**Problem statement**
Only the lines below from the one with "PRODUTTORI RIFIUTI PERICOLOSI: OBBLIGO" through the one with "六和温州所余亦立律师受邀开展反校园欺凌法治教育讲座" are to be written out, exactly and without any images.

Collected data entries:
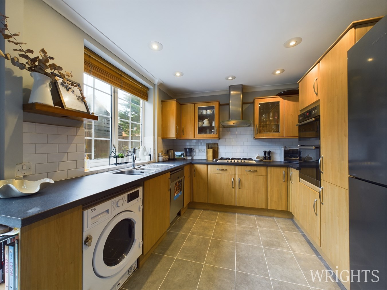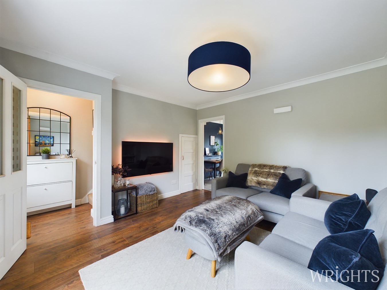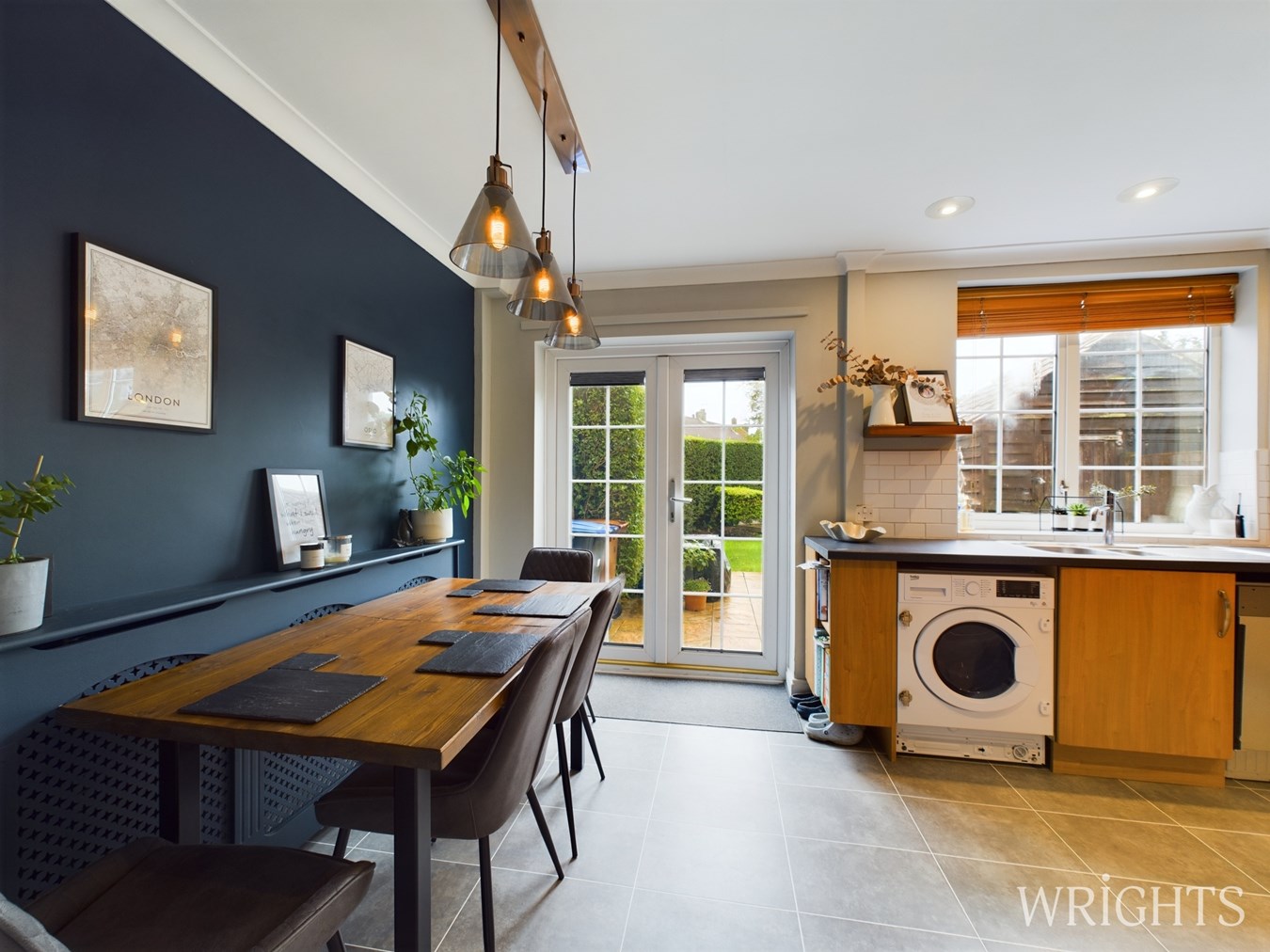 As you approach this delightful home nestled on a, tree-lined street, you'll be welcomed by a private driveway that offers both convenience and charm. Upon entering, you'll find an inviting lobby that seamlessly transitions into the main living area, a cosy yet spacious room that elegantly defines a perfect space for relaxation and entertaining. Enjoy the beauty of dual-aspect views, where a window at the front invites the morning light, and elegant glass patio doors at the rear open up to your outdoor sanctuary, ensuring all-day sunshine from the south facing rear aspect off of the dining area. The kitchen offers plenty of storage solutions and bonus features such as an eye-level double oven, induction hob, dishwasher and washing machine. Additionally, a spacious under-stairs storage cupboard offers practical solutions for organizing everyday items, ensuring your home remains clutter free.
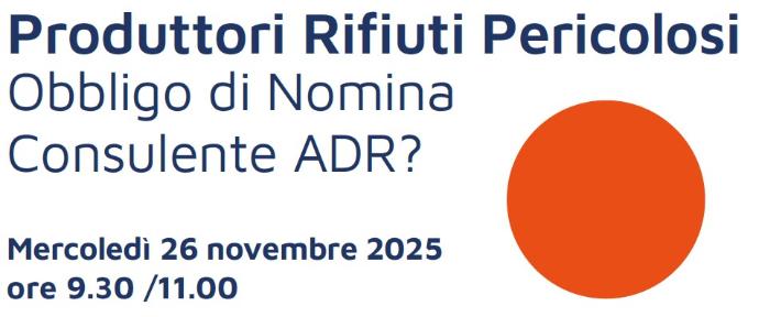 PRODUTTORI RIFIUTI PERICOLOSI: OBBLIGO NOMINA CONSULENTE ADR | 26 novembre 2025
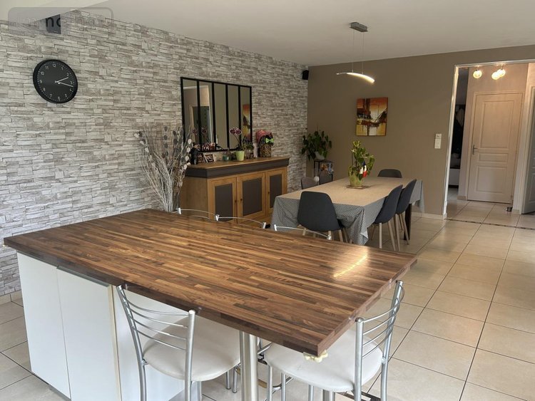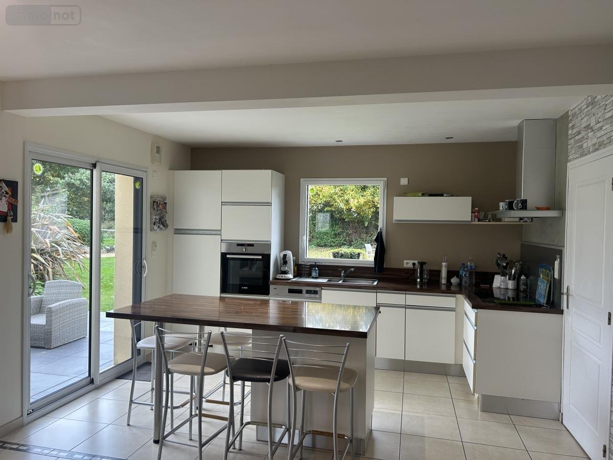 - Au rez-de-chaussée : entrée, cuisine aménagée et équipée ouverte sur séjour/salon, buanderie, chambre avec placards, grande pièce avec placards, salle de douches, WC
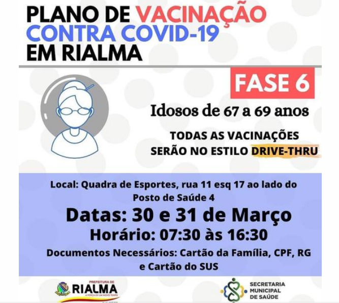 A Prefeitura Municipal de Rialma, por meio da Secretaria de Saúde, informa o Plano de Vacinação Contra COVID-19 no município (fase 6).
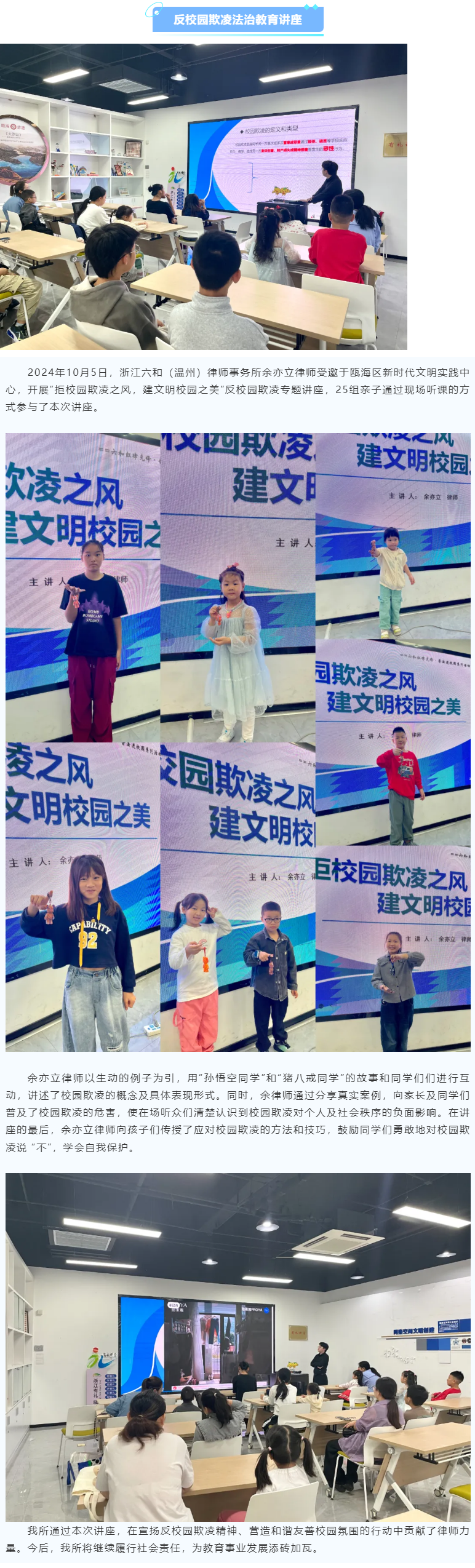 六和温州所余亦立律师受邀开展反校园欺凌法治教育讲座
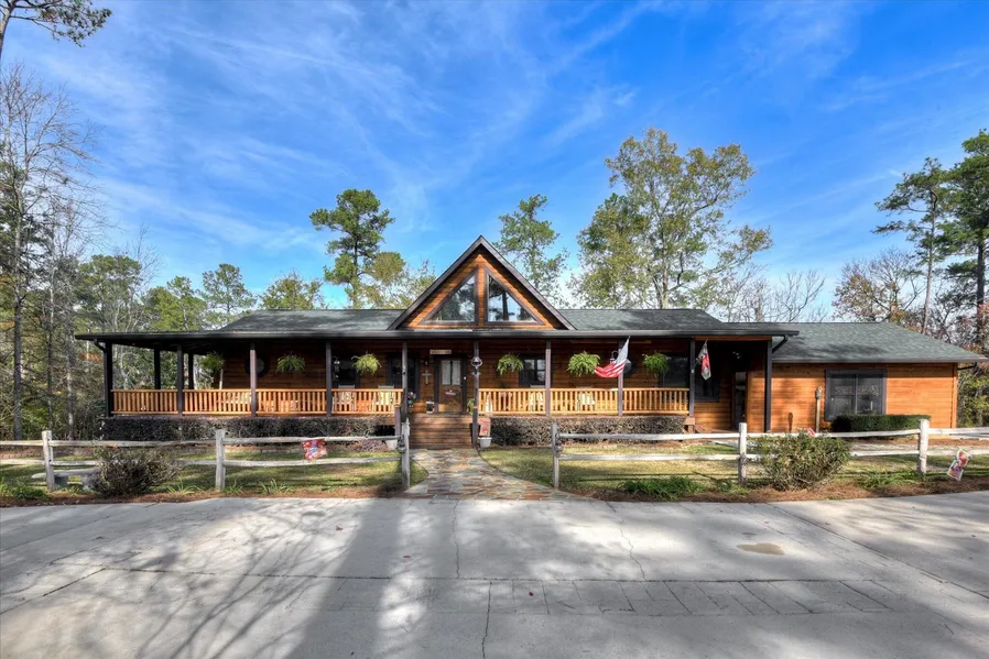 Experience the timeless beauty and craftsmanship of this exceptional custom log home, offering over 3700 square feet of finished living space with approx. 450 sq ft of partially finished storage space/ flex space. Nestled on two private, wooded acres with beautiful stone walkways, this residence welcomes you with a grand wraparound porch, and two-tiered decking perfect for outdoor entertaining, with a spacious detached workshop. Ideally located in North Augusta, just minutes from both Aiken and Augusta, this property combines rustic charm with modern convenience. Constructed from solid white pine logs, the home features impressive property-sourced wood beams and locally reclaimed brick tiles in the kitchen, creating a unique blend of natural textures. The gourmet country kitchen showcases custom hickory cabinetry, sleek black granite countertops, and enduring quality. Throughout the home...

**Response for this exercise**
 PRODUTTORI RIFIUTI PERICOLOSI: OBBLIGO NOMINA CONSULENTE ADR | 26 novembre 2025
 - Au rez-de-chaussée : entrée, cuisine aménagée et équipée ouverte sur séjour/salon, buanderie, chambre avec placards, grande pièce avec placards, salle de douches, WC
 A Prefeitura Municipal de Rialma, por meio da Secretaria de Saúde, informa o Plano de Vacinação Contra COVID-19 no município (fase 6).
 六和温州所余亦立律师受邀开展反校园欺凌法治教育讲座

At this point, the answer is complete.